So, I sat alone with my grandmother. I watched the TV. I have no idea what was on. I didn't turn up the volume. And I talked to her. Only I felt like, being alone in the room for all intents and purposes, it would only increase the crazy quotient marked on our chart if I spoke out loud. I employed a technique first perfected when I needed to talk to my stuffed bear and wanted the crazy quotient to stay low. A technique, I might add, that proved effective with that bear until about last week. I thought what I wanted to say in sentences and paragraphs...very, very loudly. I remembered some things that ET said, about how it's important to let a dying person know that it's OK to go if they need to. So I told her it was OK to go and it would suck but it was better for her to do what she needed to do and thank you for waiting for me to get there and even that I was sorry that I hadn't stayed the night before and I hoped that was all right with her, too. I held her hand. It was cold. My brain split in two. One half knew that it was cold because she was nearly dead and it wasn't going to get any warmer no matter what and kept replaying that monologue by Mistress Quickly in one of the Henrys where she talks about the cold creeping up Falstaff's body as he dies. The other half just had to put a blanket over her hands, I couldn't stop it. So there we sat.

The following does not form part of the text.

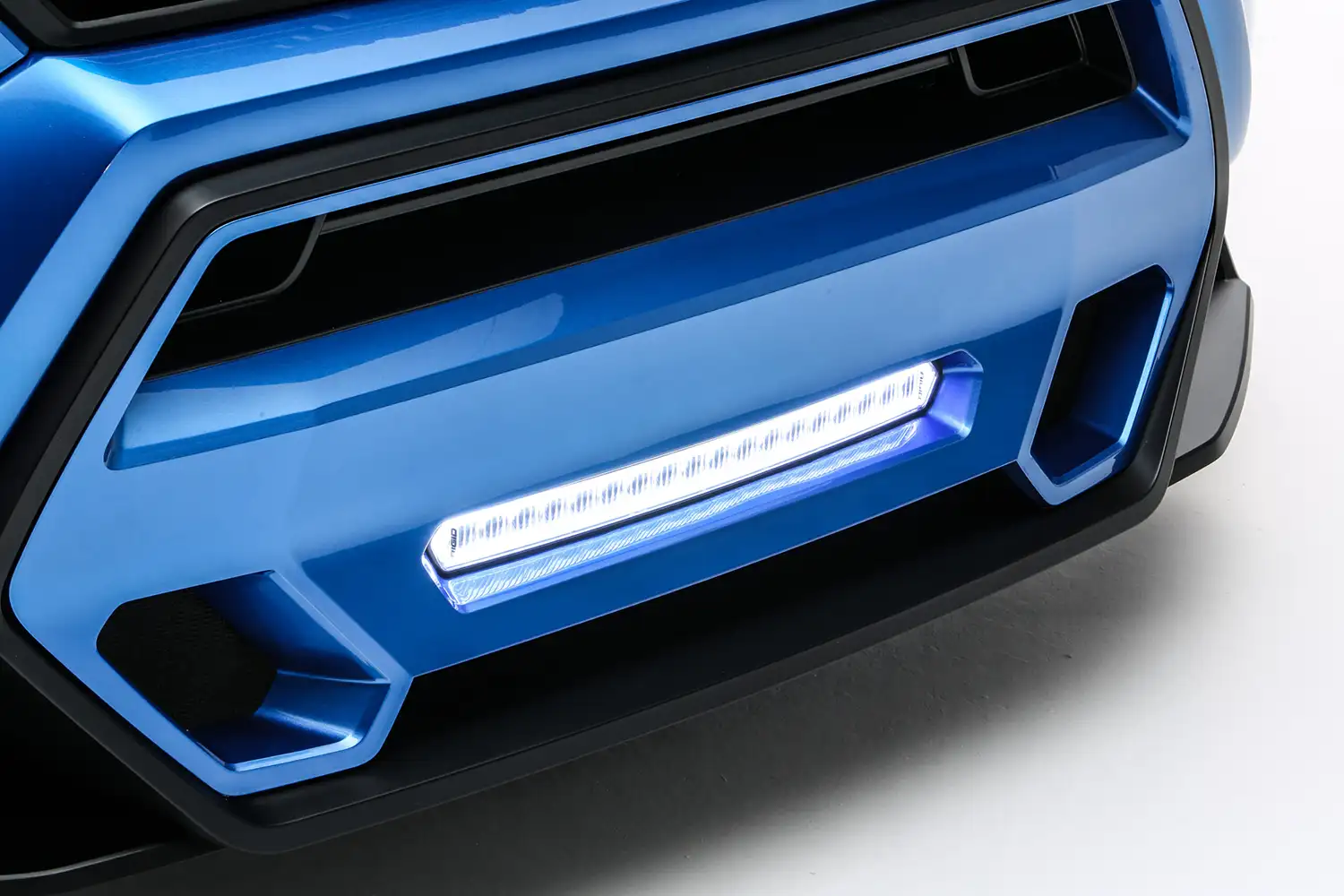 To support the chassis modifications and engine, the overall track width was increased by just over 3 inches and the frame was strengthened. When it came to styling, the team made a point to maintain the Tacoma’s design language, including the use of interlocking shapes and fluid forms central to its “chiseled liquid” DNA. The concept’s aggressive front fascia is completed with Tacoma XB LED Projector headlights with “X-Runner” laser ablation lenses. Front and side body work features custom aero-fairings with functional venting that cools X-Runner’s 13.9-inch Tundra front brakes, providing higher heat capacity. The functional hood scoop is purpose-built as well, drawing cool air into the engine bay. From the back, X-Runner is purposefully simple, its look punctuated by smoked taillights.

Then they came back and I went and ate from the salad bar, I put peas and ham on my salad which I really like, and blue cheese dressing. It was good. I thought about having some ice cream or pudding as dessert but I figured I ought to get back soon.
My uncle arrived. He's not a fan of open air, of silence in a group. He's a salesman and sort of a politician. He is someone who, most definitely, would not like to be given an alone time job in a time of stress. So he did (what I consider) the heavy lifting.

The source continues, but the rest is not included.